The iron core 2 may be made of a high-grade material with reduced iron loss. In this case, a transformer with high conversion efficiency can be realized by a synergistic effect of increasing the temperature of the iron core 2. In the embodiment of the present invention, the present invention is applied to a three-phase transformer, but may be a single-phase transformer. In the embodiment of the present invention, the configuration of the iron core 2 is a laminated core of a bad joint type, but may be a lap joint type.

[0040]

As is apparent from the above description, the transformer of the present invention suppresses heat radiation generated in the iron core when electric power is supplied to the primary winding by the heat insulating means, so that the iron core is heated to a high temperature. Since the configuration is held, the core loss of the iron core is reduced, and an excellent effect of increasing the conversion efficiency is achieved.

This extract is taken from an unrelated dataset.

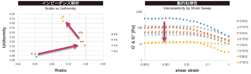 分散剤添加量によるスラリーへの影響を、インピーダンス、レオロジーの両方で確認

[Brief description of the drawings]

FIGS. 1A and 1B are diagrams showing a first embodiment of the present invention, in which FIG. 1A is a cross-sectional view taken along line AA in FIG. 2, and FIG. 1B is a cross-sectional view taken along line BB in FIG.

FIG. 2 is a front view

FIG. 3 is a graph showing temperature characteristics of an iron core.

FIG. 4 is a view corresponding to FIG. 1, showing a second embodiment of the present invention;

FIG. 5 is a view corresponding to FIG. 1, showing a third embodiment of the present invention;

FIG. 6 is a view corresponding to FIG. 1, showing a fourth embodiment of the present invention;

FIG. 7 is a view corresponding to FIG. 1 showing a fifth embodiment of the present invention.

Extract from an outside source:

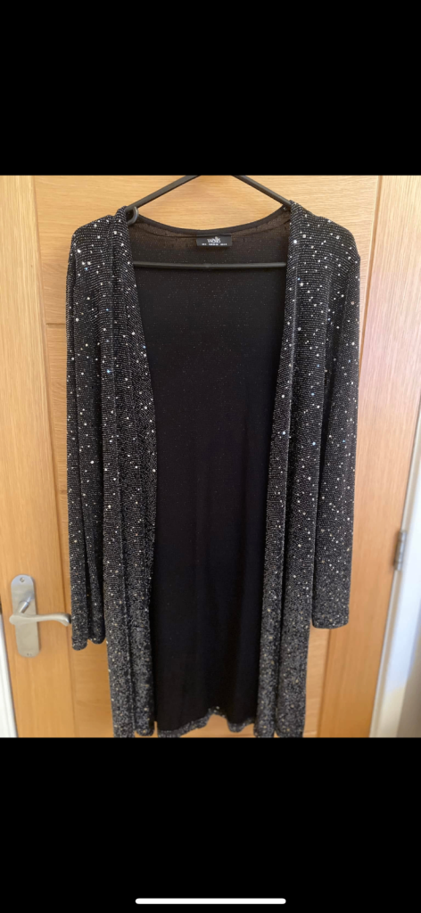 Wallis Women’s black elegant shimmer blazer , brand new size small . Perfect for a night out / wedding or party . It’s a very flattering blazer , length of blazer is 35 inch and arm length is 23 inch . Pictures doesn’t do it justice . Comes from a smoke and pet free home

FIG. 8 is an exploded perspective view of a closed container.

FIG. 9 is a view corresponding to FIG. 1, showing a sixth embodiment of the present invention.

[Explanation of symbols]

In the drawing, 1,13,16,24,32 are transformer contents,
Is an iron core, 5 is an insulating plate (insulating means), 6, 15, 31 are adhesives, 7 is a winding, 9, 12 are clamps serving as supports, 14
Denotes a winding core, 17 and 18 denote clamps (insulating means) serving as supports, 20 denotes a tank, 21 denotes nitrogen gas, 25 and 34 denote closed containers, and 30 and 33 denote spacing members.

──────────────────────────────────────────────────続 き Continued on the front page (51) Int.Cl. ⁷ Identification symbol FI Theme coat ゛ (Reference) H01F 31/00 AS

Claims (8)

[Claims] 1. A transformer, comprising: a transformer having an iron core, windings mounted on the iron core, and heat insulating means for suppressing heat radiation of the iron core. 2. The transformer according to claim 1, wherein the heat insulating means is made of a heat insulating material covering the entire surface of the iron core. 3. The transformer according to claim 1, wherein the heat insulating means has at least a heat insulating material interposed between the iron core and the winding. 4. The transformer according to claim 1, wherein at least a part of the support for supporting the iron core is made of an insulating material having a high mechanical strength and a heat insulating effect. 5. The transformer according to claim 1, wherein at least a surface of the winding corresponding to the iron core is made of an insulating material having a mechanical strength and a heat insulating effect. 6. The transformer according to claim 1, wherein the heat insulating means is constituted by a closed container that stores an iron core, and the inside of the closed container is evacuated. 7. The transformer according to claim 1, wherein the heat insulating means is constituted by a closed container for accommodating an iron core, and the closed container is filled with a gas having excellent thermal decomposition resistance. 8. The transformer according to any one of claims 1 to 5, wherein the contents of the transformer are housed in a tank, and the tank is filled with a gas having excellent thermal decomposition resistance. Transformer.